Cooler Master Storm Xornet Review

By: Devin Chollak
December 30, 2011

It is the time of year where everybody is in a buying frenzy at the malls, attempting to find a secret pathway through overflowing parking lots. Now, I'm quite certain many people have been having larger than necessary meals, and are probably looking towards some downtime. For many of us, that will involve a computer somewhere along these lines, and in today's world, you will probably be using a computer mouse. During the relaxing holiday period around Christmas, my mouse of choice was the Cooler Master Storm Xornet. While many people would consider the performance or the number of buttons on a mouse essential, I would consider comfort the most important aspect to any peripheral. It could just be me, but a mouse which happens to lack in comfort usually ends up going out the window after a few hours of regular usage. Having all of my jobs involving computers, an excellent mouse that is comfortable to use is an absolute requirement. Anyone using a computer for extended periods of time would easily object to being forced to work with a lousy mouse. The real question is if your mouse is really keeping up with today's newest hardware. So while you are contemplating what you want to get during the boxing week sales, let's take a look at a mouse I am thoroughly enjoying right now -- the Cooler Master Storm Xornet.

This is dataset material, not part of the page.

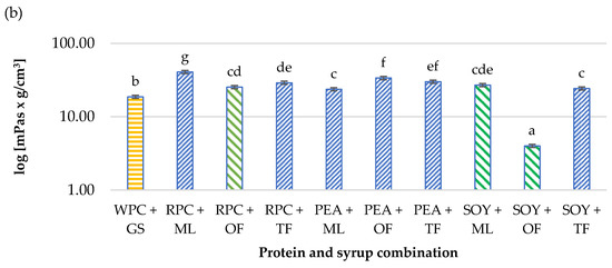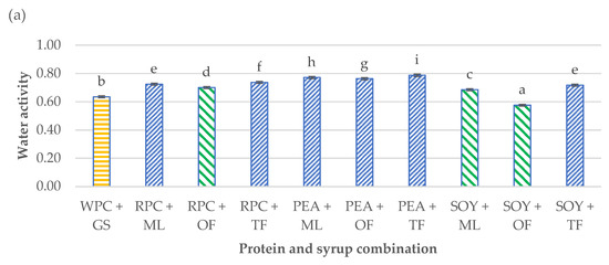 Influence of the combination of proteins and syrups on the (a) water activity (aw) and (b) ultrasonic viscosity of the developed high-protein bars. The letters (a–i) indicate significant differences at p < 0.05 (Tukey’s HSD test). The control sample color is yellow. The best prognostic samples for both determinations are marked green. The aw tests were carried out in five repetitions (n = 5) and ultrasonic viscosity in three replications (n = 3).

Although I'm sure many would hope that during the holidays, the postal service would automatically wrap all packages, this was not the case for the Cooler Master Storm Xornet. Arriving in your typical brown shipping box, the Xornet suffered almost no damage. It makes me wonder if the postal service is extra careful this time of the year, or I am just lucky. Traveling up north to our Calgary offices, the whole nine pounds of Cooler Master goodness was shipped by UPS Standard from California. Obviously, the Xornet is not nine pounds, but there are other stuff in the package, too. I totally would have liked to be enjoying some warmth down in California, but I found that a white Christmas is far more enjoyable than some warm weather -- personally speaking.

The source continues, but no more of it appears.